Cycling over to Stroud for my penultimate psychotherapy supervision session before heading off on (change of date) Wednesday April 4 prompted thoughts about a) the (at least temporary) ending of therapy for so many of my clients at once, and at a time not of their choosing, and b) the bike I’ll be using to cycle to Moscow, and then, with luck and a following wind, down through China.
I’ll post separately and later on the challenges of bringing therapy to an end as elegantly and supportively as possible – and finding just how powerfully and positively almost all the wonderful and brave people I work with are rising to that challenge of sorting stuff while there’s time.
But here, may I introduce the object with which I am to have an even closer relationship for the months of April to August, going by the name of Raven – my extremely sturdy black steel steed, veteran of 4000 miles to Budapest and back and of 500 miles into Scotland a couple of years ago, and my all-time favourite bicycle.

One of four bikes in my stable (the others are a racer, a Brompton folder for the train to London, and our tandem), she’s heavy, yes.

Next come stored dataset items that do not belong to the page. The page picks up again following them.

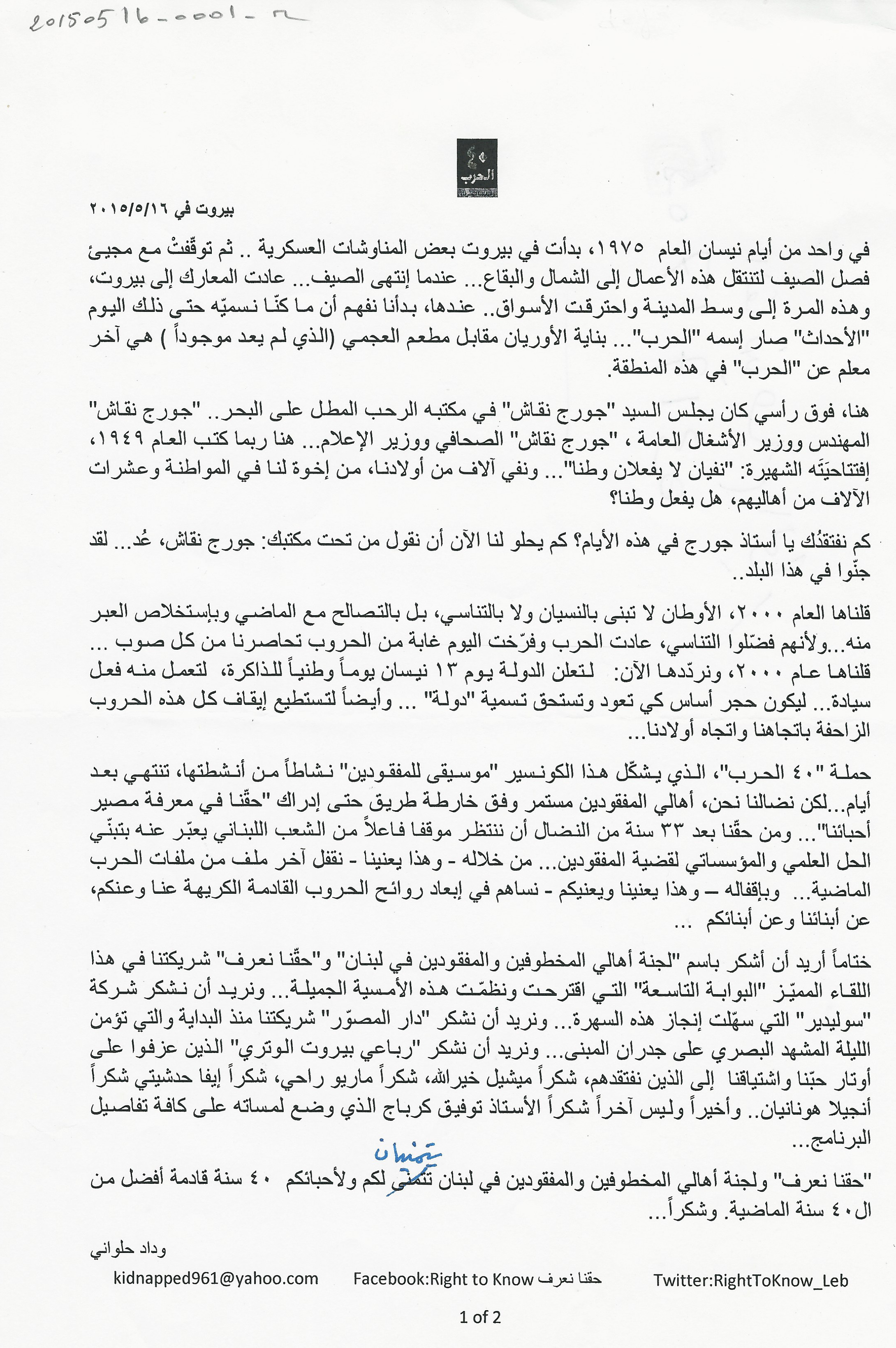 - لجنة اهالي المخطوفين والمفقودين في لبنان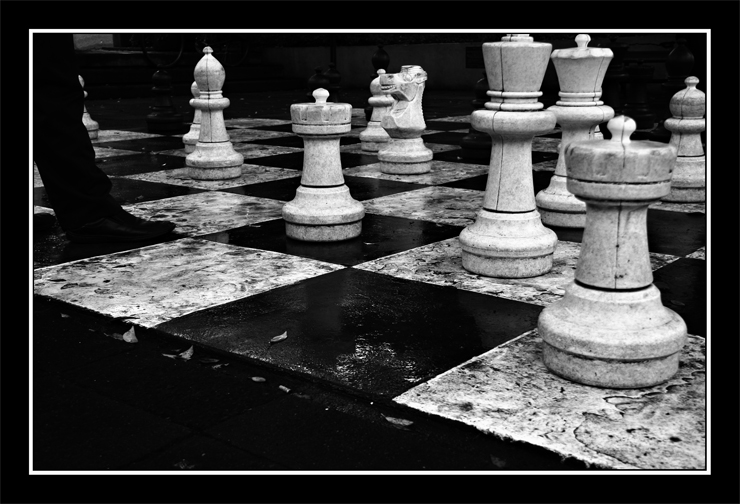 Forse estremizzare meno il contrasto o provare un recupero delle ombre sulla parte di scacchiera su cui si staglia.
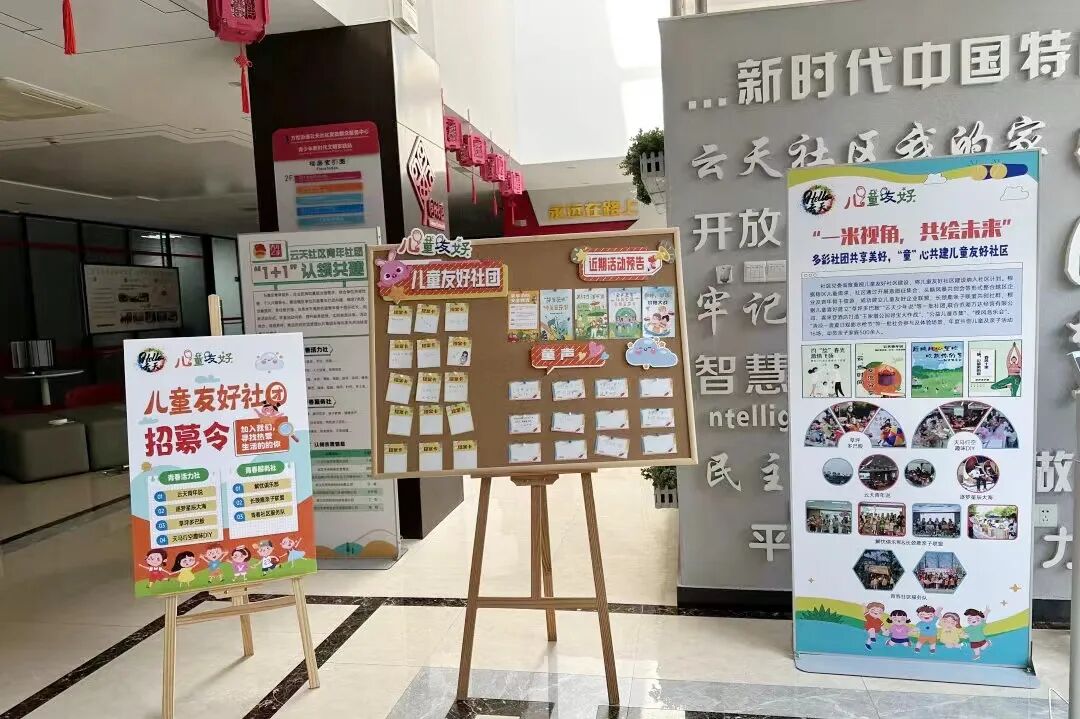 为打造室内外儿童活动阵地,江汉区各社区把儿童友好社区建设融入社区惠民资金使用中,在老旧小区改造、园林设计、社区党群服务中心提档升级等公共服务空间设计中融入儿童友好理念和儿童友好元素。云天社区打造了600平方米的室内儿童活动阵地,设置了开放式接待空间、儿童活动室、云天英语角等供儿童开展活动的空间。青松社区则在老旧改造项目中结合空间慢行、建筑立面、智慧人文等多个维度,全方位打造满足片区儿童及居民安全出行、互动交流的场所,并在2023年投入4.9万元,设置了近100平方米的“‘童’你有约”儿童涂鸦墙。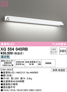 【特長】●肌もくらしも色鮮やかに。日常を彩る高演色LEDです。【仕様】●メーカー:オーデリック●型番:XG554045RB●商品名:●防雨・防湿型●壁面取付専用●R15 クラス2●高演色LED●1灯用●FL40W相当●LEDランプ型●...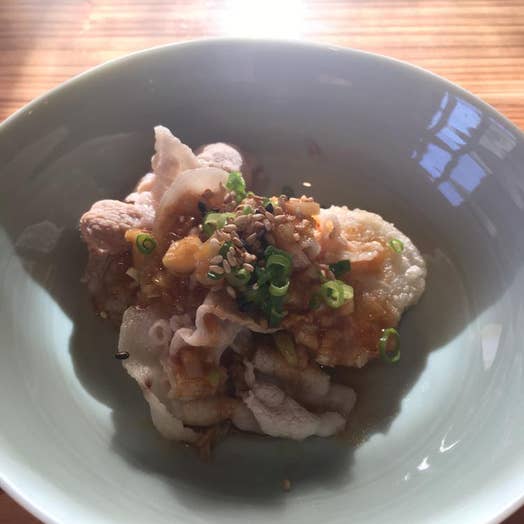 まず、前菜は、豚肉と里芋のネギソース。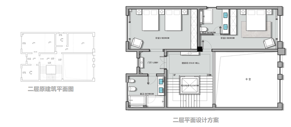 二樓的臥室設置兩張雙人床,平常可以作為備用臥室,方便有客人或者親戚留宿。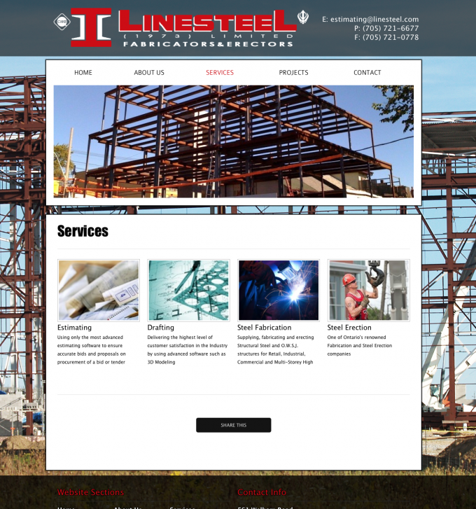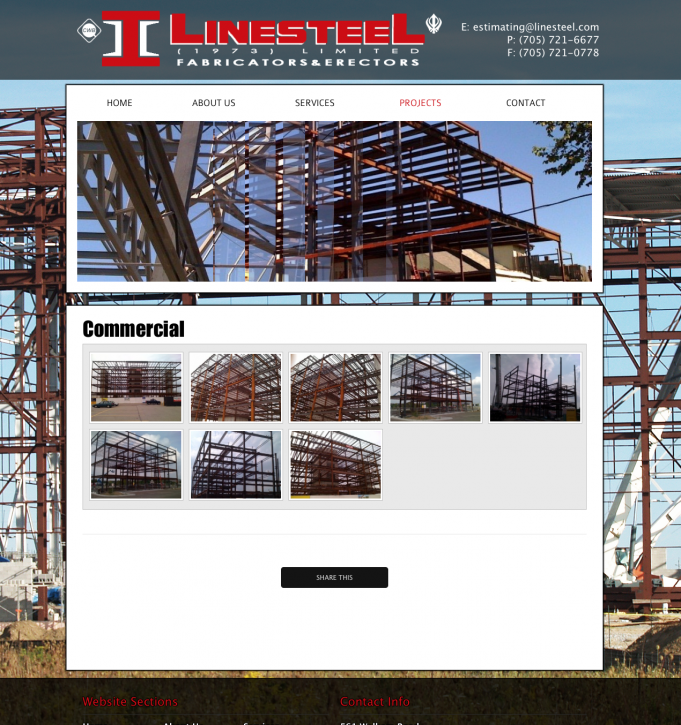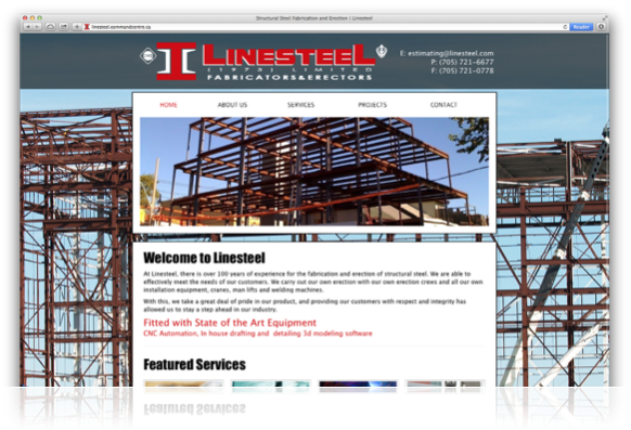 Linesteel is a large steel fabrication facility erecting some of the largest buildings in our area from Lowes department stores, to Canadian Tire. This successful business needed a website that illustrated the capabilities, capacity and professionalism of the company. They also wanted a website that could be self maintaned easily and efficiently. Our Custom Content Management System, Command Centre, we had the perfect fit for this custom website design.

Odd-looking, with the tallest of handlebar stems and seat tubing, most certainly.
But costing well over two grand, she’s just rock-solid reliable – except if I forget to clean the chain, which in 2008 saw the rear sprocket completely shredded by the time I – just – managed to make it home to Cirencester.

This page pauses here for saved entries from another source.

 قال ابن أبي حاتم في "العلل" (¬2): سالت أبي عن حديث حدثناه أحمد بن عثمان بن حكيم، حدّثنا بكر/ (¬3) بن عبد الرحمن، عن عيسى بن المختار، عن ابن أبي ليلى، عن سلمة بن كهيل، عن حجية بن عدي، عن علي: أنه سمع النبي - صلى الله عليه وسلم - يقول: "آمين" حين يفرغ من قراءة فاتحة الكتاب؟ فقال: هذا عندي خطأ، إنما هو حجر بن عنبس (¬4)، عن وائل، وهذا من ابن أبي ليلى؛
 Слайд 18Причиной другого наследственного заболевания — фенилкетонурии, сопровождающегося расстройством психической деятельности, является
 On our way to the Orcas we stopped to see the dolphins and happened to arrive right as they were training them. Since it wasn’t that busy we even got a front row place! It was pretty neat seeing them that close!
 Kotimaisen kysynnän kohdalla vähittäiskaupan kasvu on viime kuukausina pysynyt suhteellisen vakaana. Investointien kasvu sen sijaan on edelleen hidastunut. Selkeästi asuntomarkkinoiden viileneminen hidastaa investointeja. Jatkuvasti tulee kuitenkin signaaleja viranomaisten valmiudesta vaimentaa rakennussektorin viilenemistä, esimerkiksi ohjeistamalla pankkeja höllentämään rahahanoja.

I won’t go into too much of the boring spec, beyond noting that a professional Dutch bicycle builder I met on a campsite in The Netherlands four years ago approvingly commented that this is the bicycle he also would have built for longer distances, although perhaps including a better quality headset.

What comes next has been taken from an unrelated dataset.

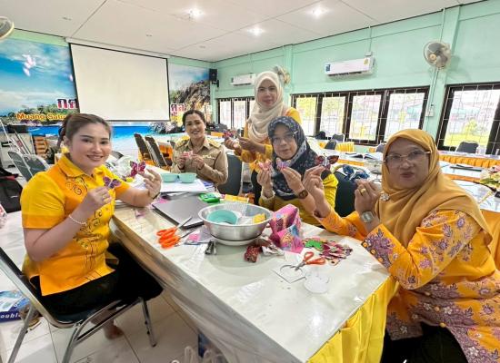 ศกร.ระดับตำบลบ้านควน ร่วมประดิษฐ์ผีเสื้อจากผ้าไทยประจำถิ่นของจังหวัด เพื่อสนับสนุนการออกร้านนาวากาชาดของสมาคมแม่บ้านมหาดไทย ประจำปี 2568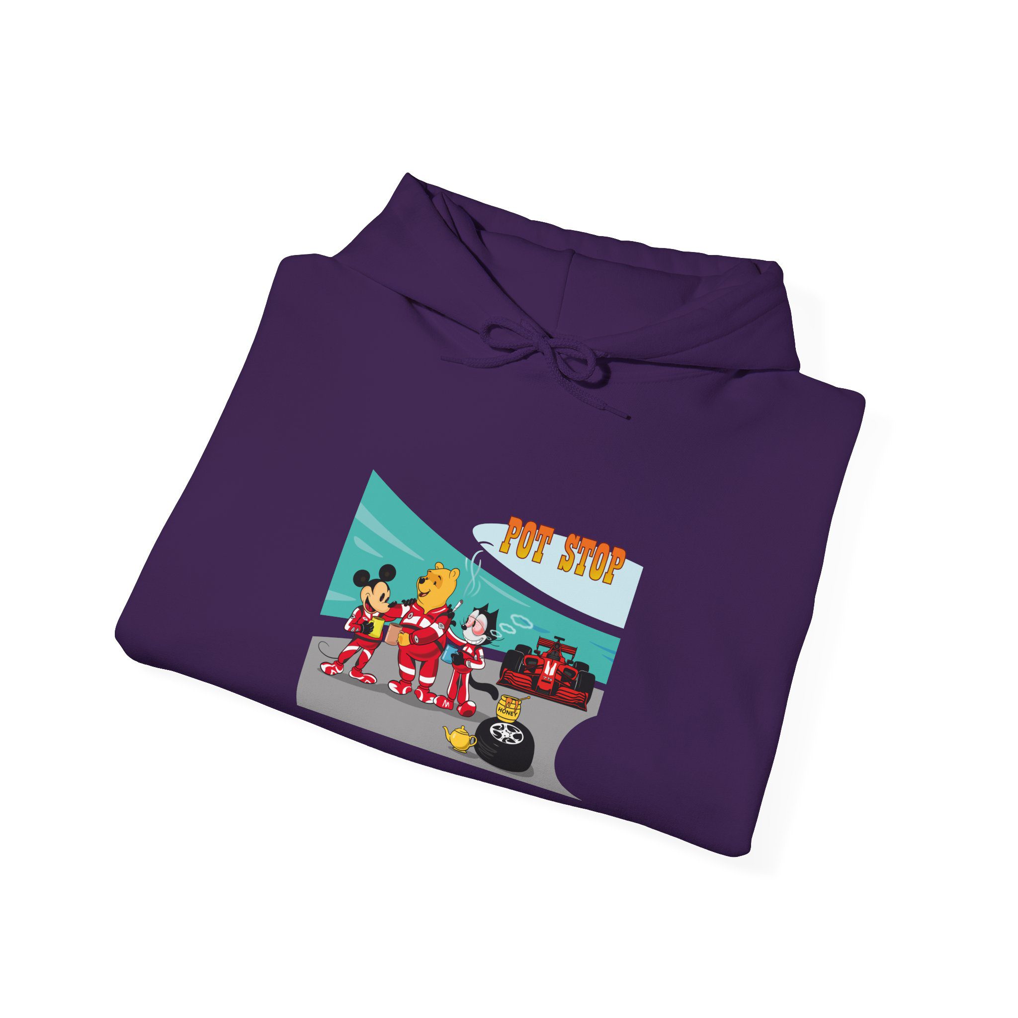 Rev up your engines — and your tea time — with this playful Pot-Stop Pause with Felix, Mickey and Winnie Hoodie. Starring Winnie the Pooh, Mickey Mouse, and Felix the Cat in racing suits, taking a delightfully unorthodox break, this design fuses Formula 1 energy with classic cartoon charm. Swapping tires for teapots and honey jars, the trio proves that even high-speed heroes need a cozy pause. Ideal for motorsport fans, animation enthusiasts, and anyone who believes the best pit stops include laughter and a warm drink.

Raven is made by St John Street Cycles in Bridgwater, founded by Robin Thorn in the belief that quality bikes of steel will always be more reliable than aluminium, and much easier to weld and mend should they come to grief in the Back of Beyond.
My version has ceramic brake pads (requiring extreme care when braking not to be catapulted over the handlebars – been there and done that on the racer…), and what are called S&S couplings which will allow me to take her apart, with the frame in two bits, and pack her into a suitcase for the Trassiberian to Beijing
Above all, she has my favourite touch, a Rohloff 14-speed hub, which means no messy derailleur sprockets, gears and breaking chains.
A little heavier, perhaps, than a racing 21-speed drive train, but so much easier and more seamless to operate, changing gear standing still, on a hill, anywhere. And going down to the lowest of granny gears which got me and about 30kg of luggage up some serious hills on the way to Budapest and back.
Raven will be very much more heavily loaded than in the pictures here when I set off in just over a month, with five waterproof Ortlieb panniers – two front, two back and one on the handlebars – and with a large watertight barrel bag on the back for camping equipment.
But I will set off with a spring in my pedal, as it were, recalling the one of the best accounts of long-distance solo cycling I’ve ever read, by journalist colleague Mike Carter, who wrote in The Observer in 2009 about his own five-month, 4625-mile odyssey around the British Isles:
Life on the road assumed its own routine. Get up, pack away my tent, load the bike, ride, stop, eat, sleep. That was it. No real choices. A life pared back. As I crossed the border into Scotland just north of Berwick, I realised something: I was profoundly happy, all day, every day, with the kind of stupid grin on my face that, seen on somebody in the street, would make me want to cross the road to avoid them.
My own past experience exactly. Thanks Mike.